To obtain the dosages of the first variant:
v = first(v_iter)
d, g, offset = alt_allele_dosage(p, v)
(Float32[NaN, 0.06427002, 0.08441162, 0.98254395, 0.08843994, 0.14111328, 1.0733032, 0.054138184, 0.10858154, 0.12310791 … 0.029785156, 0.9661255, 0.00079345703, 1.0126343, 0.042663574, 0.060302734, 1.0441284, 0.056518555, 1.8910522, 0.98895264], UInt8[0x03, 0x00, 0x00, 0x01, 0x00, 0x03, 0x01, 0x00, 0x03, 0x03 … 0x00, 0x01, 0x00, 0x01, 0x00, 0x00, 0x01, 0x00, 0x03, 0x01], 0x00000000000004a2)
Missing value is represented by a NaN
. Code for a typical GWAS application should look like:
d = Vector{Float32}(undef, n_samples(p))
g = Vector{UInt8}(undef, n_samples(p))
g_ld = similar(g)
for v in v_iter
alt_allele_dosage!(d, g, p, v; genoldbuf=g_ld)

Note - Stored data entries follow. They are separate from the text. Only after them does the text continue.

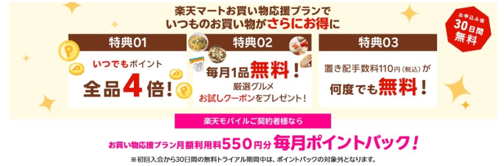 | 利用対象 | 楽天マートを初めて使う楽天会員 |
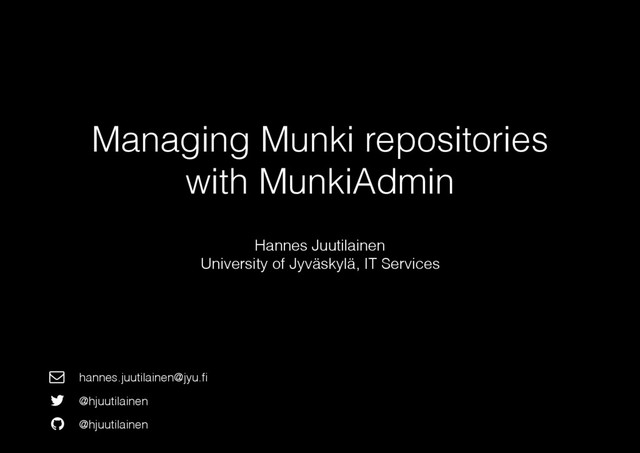 Started in 2010 along with our initial Munki deployment • Designed to complement your current workflow • Doesn't require any configuration or changes to the repository • https://github.com/hjuutilainen/munkiadmin
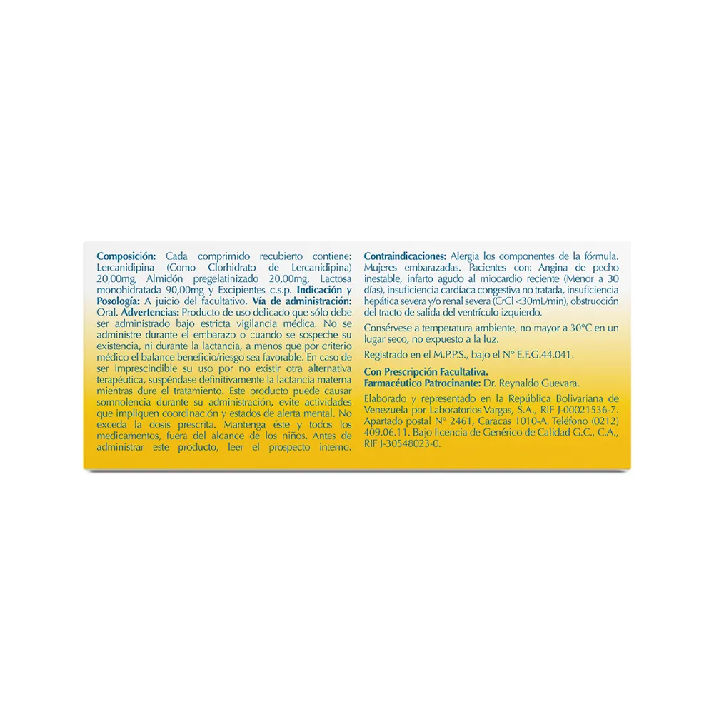 Clorhidrato de Lercanidipino) 20,00mg, Almidón pregelatinizado 20,00mg, Lactosa

v_rt = v.record_type & 0x07
if v_rt != 0x02 && v_rt != 0x03 # non-LD-compressed. See Format description.
g_ld .= g
end
# do someting with dosage values in `d`...
end
Speed
The current PGEN package can read in ~2000 variants / second for UK Biobank data, which is about 4x faster than reading in BGEN-formatted data.